With Zimmer being so generous, you have to wonder how Ramos – or at least his legislative aide – can be leading an effort to put a proposed change of Hoboken’s election date onto the November ballot as a referendum, in opposition to Zimmer’s wishes. The City Council, controlled by supporters of Zimmer – whom Ramos may challenge for mayor – passed an ordinance last month to change the election from May to November, giving Zimmer and her council seven additional months in office, and allowing them to run for reelection at the same time that their ally, Gov. Christie, would run.
Was it a bad deal to save the economy?
The old saying, “When handed lemons make lemonade” has left a lot of local political people with a sour taste in their mouth. The national Tea Party has forced Democrats to drink a whole barrel of unsweetened lemonade. The most Democrats can say is, “It could have been worse.”
In 2001, when President George W. Bush decided to cut taxes to the wealthy, it might have seemed like a good idea. But after two wars, increased spending on homeland security, and the bottom falling out of the real estate market, the deal turned very sour, just in time for President Barack Obama.
By slashing taxes without making corresponding budget cuts, the Bush administration basically pushed the government into a choice between paying its debts or providing a social safety net for less fortunate Americans.
Obama and the Democratic Congress had a chance to do away with the Bush tax cuts two years ago, but were so bent on seeking cooperation with the GOP and conservative Democrats that they failed to see the train wreck coming until it hit them in the face last week, forcing them to vote on what they believe is a bad deal for ordinary people.
Local legislators such as Rep. Steve Rothman held their noses and voted for what they say amounted to political blackmail. Rothman says the GOP held the nation hostage, threatening catastrophic default and endangering programs critical to the elderly, poor, and middle class, while at the same time refusing to close tax loopholes on bloated corporations.
Rep. Albio Sires had a slightly more optimistic opinion of the legislation passed by both houses of Congress.

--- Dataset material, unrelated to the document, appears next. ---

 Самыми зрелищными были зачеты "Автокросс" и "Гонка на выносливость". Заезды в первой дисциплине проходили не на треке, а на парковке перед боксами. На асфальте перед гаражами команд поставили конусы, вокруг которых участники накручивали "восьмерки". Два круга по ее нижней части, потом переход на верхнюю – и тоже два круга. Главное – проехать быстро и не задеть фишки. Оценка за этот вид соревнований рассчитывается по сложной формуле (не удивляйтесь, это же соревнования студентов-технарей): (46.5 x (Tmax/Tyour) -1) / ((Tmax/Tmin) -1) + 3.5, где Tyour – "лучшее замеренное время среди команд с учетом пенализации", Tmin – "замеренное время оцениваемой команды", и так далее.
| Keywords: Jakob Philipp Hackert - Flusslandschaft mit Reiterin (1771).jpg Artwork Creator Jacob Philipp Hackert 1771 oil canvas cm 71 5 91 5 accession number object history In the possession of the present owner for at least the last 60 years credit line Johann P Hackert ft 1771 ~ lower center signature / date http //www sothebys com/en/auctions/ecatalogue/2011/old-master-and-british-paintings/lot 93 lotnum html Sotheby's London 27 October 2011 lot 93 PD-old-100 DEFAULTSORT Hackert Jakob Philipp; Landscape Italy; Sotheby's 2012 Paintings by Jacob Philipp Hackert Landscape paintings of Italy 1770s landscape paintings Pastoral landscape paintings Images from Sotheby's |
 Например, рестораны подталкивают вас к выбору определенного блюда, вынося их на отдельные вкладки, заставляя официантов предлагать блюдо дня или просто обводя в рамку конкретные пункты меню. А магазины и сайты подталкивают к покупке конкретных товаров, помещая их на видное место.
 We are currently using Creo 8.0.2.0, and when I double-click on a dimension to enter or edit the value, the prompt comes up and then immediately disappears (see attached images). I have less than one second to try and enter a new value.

“While this plan is not perfect, it is necessary in order to remove the cloud of uncertainty over our economy at this critical time,” Sires said.

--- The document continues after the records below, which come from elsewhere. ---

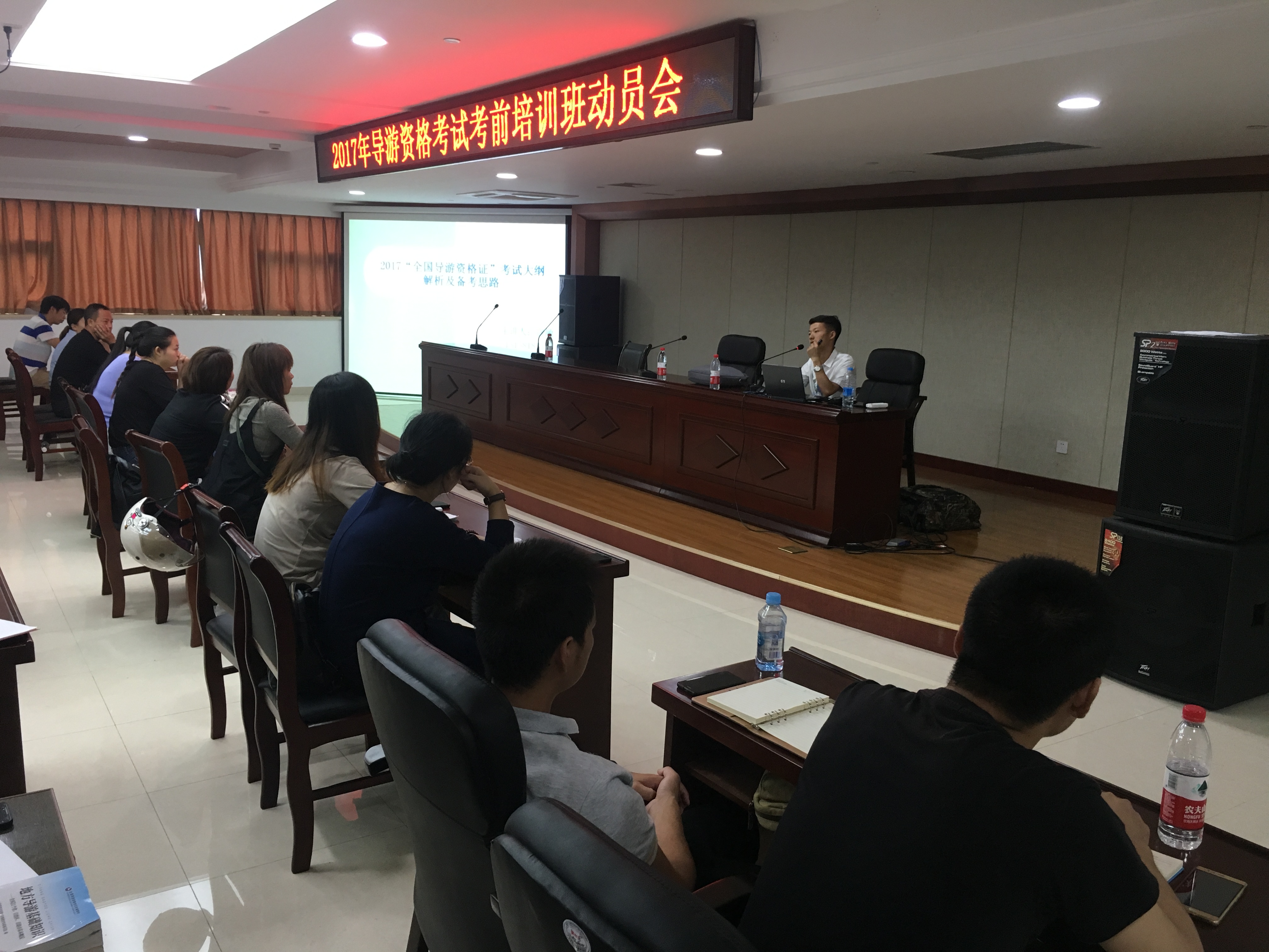 今年是全国“导考”改革第二年,且新增设《地方导游文化基础知识》课程,考证难度大大超过往年,全国旅游院校都摸着石头过河。面对如此大难度的国家级考试,我校旅游分院在领导的关心和支持下,创新性地采用“导考项目负责制”,即:以“导考”的策划和实施为核心,项目总负责人全面负责导考过程中涉及的组织、排课、辅导以及考场布置、考评员接待等各项事宜,导游教研室黄刚老师、宣敏老师、荣海涛老师、娄月红老师、杨奇美老师组建的导考辅导团队同心协力、目标一致、精心准备、无私付出,倾注了大量的时间和心血,在整个过程中,导考辅导团队全程跟进,时刻鞭策,督促学生备考,在全校范围内营造导考氛围,使“无导考,不青春”口号在学生心中打响。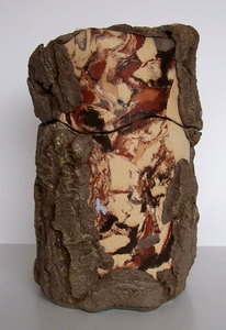 2008Grote Doos, Aardlaag "Women", schors, scheuren en kerven (hart), binnenkant nachtblauwe glazuur.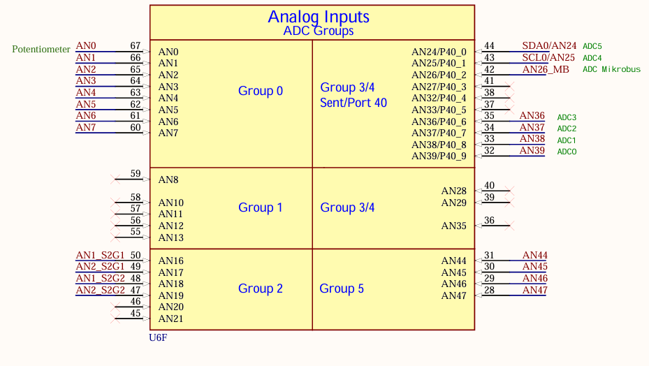 67번 Pin에 첫번째 아날로그 입력라인 AN0가 있는데 이것은 0번째 Group (Converter)의 0번째 채널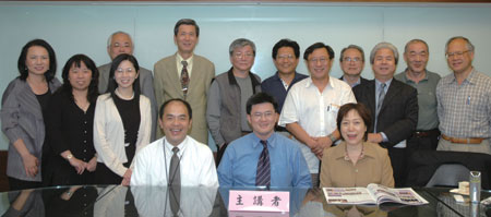 (前排左起)多聞會現任會長劉欣宙、國際思奧思台北分公司業務發展經理汪勝龍、多聞會創始會長徐敬德與參與講習的會員合影。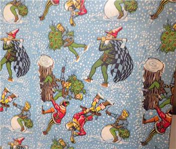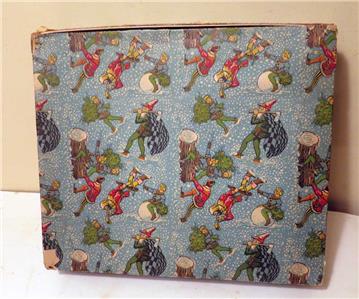 - Pattern: The box is adorned with a repeating winter scene featuring playful elves, gnomes, and woodsmen. They are shown chopping trees, carrying gifts, and playing musical instruments, all set against a light blue background with falling snowflakes.
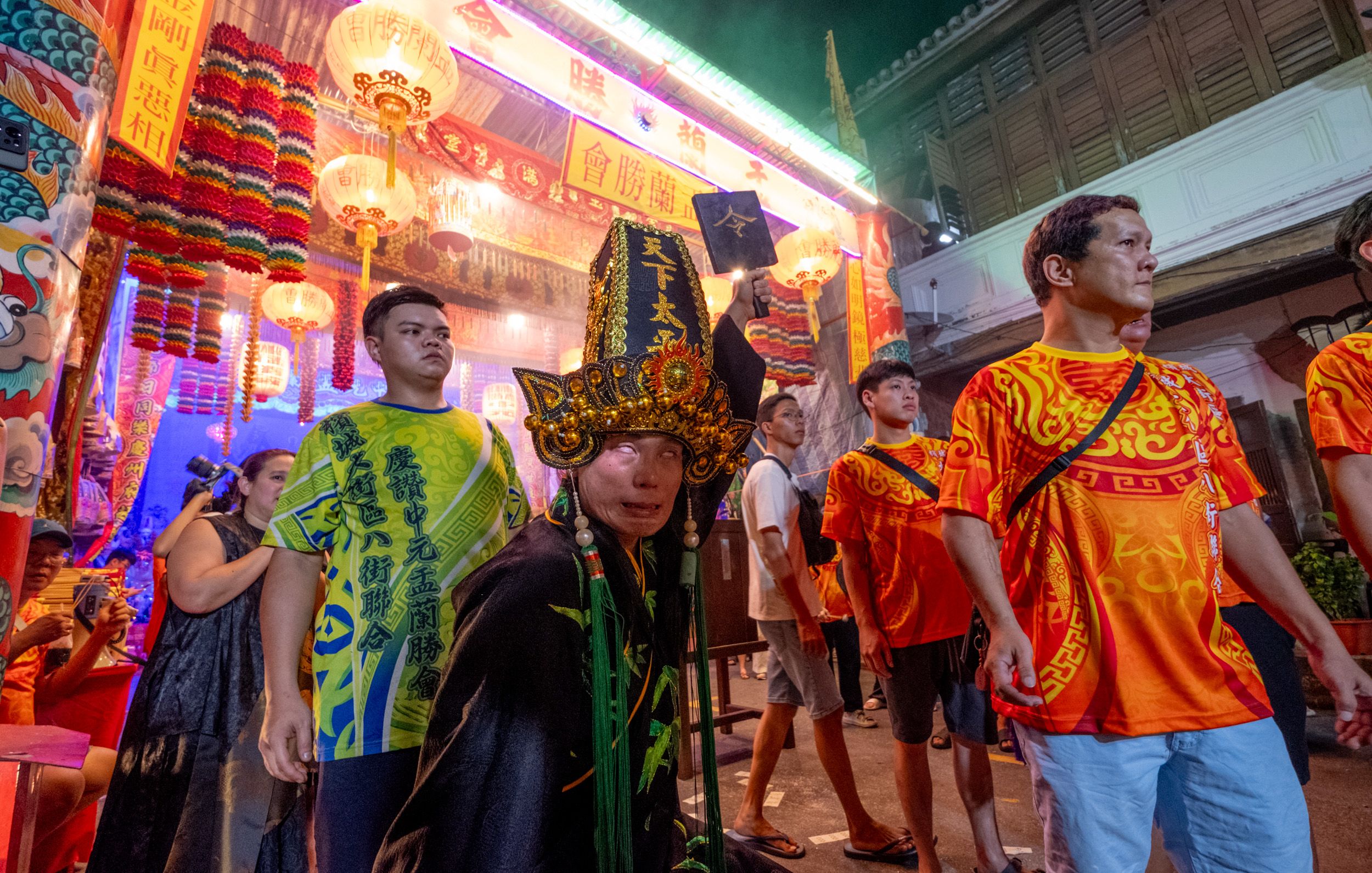 A spirit medium falls into trance at George Town’s Queen Street shrine. Known as tongji or jitong, these mediums are believed to channel folk deities, speaking in tongues and answering devotees’ questions about the future in a ritual process called tiao dang.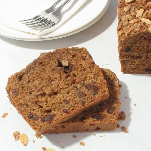 For this recipe, I added pieces of dried apricot to the quick bread batter, flavoured it with almond extract, and topped the whole thing with a layer of oaty streusel and flaked almonds.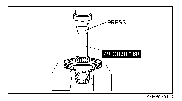 Remove the bearing (secondary gear side) from the output gear using the SST.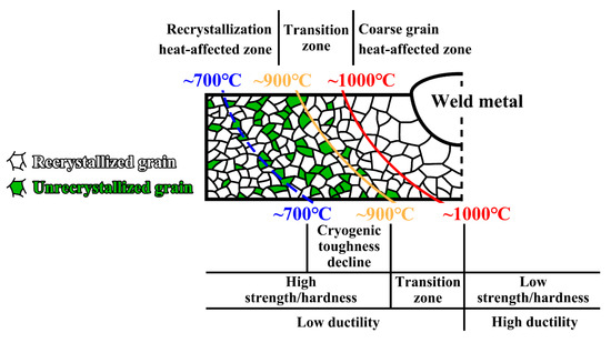 Based on the aforementioned characteristics of the simulated samples in the investigated high-Mn steel, we proposed that the welding HAZ could be divided into three distinct zones. These zones, as illustrated in Figure 9, include the coarse grain heat-affected zone (CGHAZ), the recrystallization heat-affected zone (RHAZ), and the transitional heat-affected zone (THAZ) between the CGHAZ and RHAZ. The CGHAZ was subjected to a welding thermal cycle with a Tp of 1000~1300 °C and was composed of fully recrystallized austenitic coarse grains, characterized by the reduced strength and hardness and good cryogenic toughness. The THAZ experienced the welding thermal cycle with a Tp of 900~1000 °C, and the recrystallization fraction of the THAZ underwent a rapid reduction, resulting in a decrease in strength and hardness. The RHAZ was subjected to the welding thermal cycle with a Tp of 700~900 °C. The microstructure of the RHAZ was composed of partially recrystallized grains, exhibiting high strength and hardness at room temperature and decreased impact toughness at −196 °C. The ductility remained consistent in both the RHAZ and THAZ, and there was a slight increase in the CGHAZ.

Sires held out hope that this will lead to better cooperation between Democrats and Republicans, something that may not be possible if the Tea Party continues to intimidate GOP legislators.

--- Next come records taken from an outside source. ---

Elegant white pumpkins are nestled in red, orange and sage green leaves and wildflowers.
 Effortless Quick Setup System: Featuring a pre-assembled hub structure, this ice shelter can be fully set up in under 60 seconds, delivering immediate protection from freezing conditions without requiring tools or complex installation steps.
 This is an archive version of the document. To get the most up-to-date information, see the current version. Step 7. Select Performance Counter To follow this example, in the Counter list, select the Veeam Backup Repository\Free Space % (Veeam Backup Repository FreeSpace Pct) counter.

Republican Assembly candidate Daniel Beckelman, who is running in the 31st District, believes that the vote for a bipartisan debt ceiling compromise was the best that could be done in a time of divided government and continuing weak economy.
“No one was happy to vote for this bill, but we were at the 59th minute of the 11th hour,” he said. “Default was not a real option, nor was suspending 40 percent of the federal budget instantaneously.”
Beckelman said the country couldn’t afford tax increases, and the budget had to be cut instead. He said local legislators need to hold federal officials more accountable in making sure that federal programs are run more efficiently.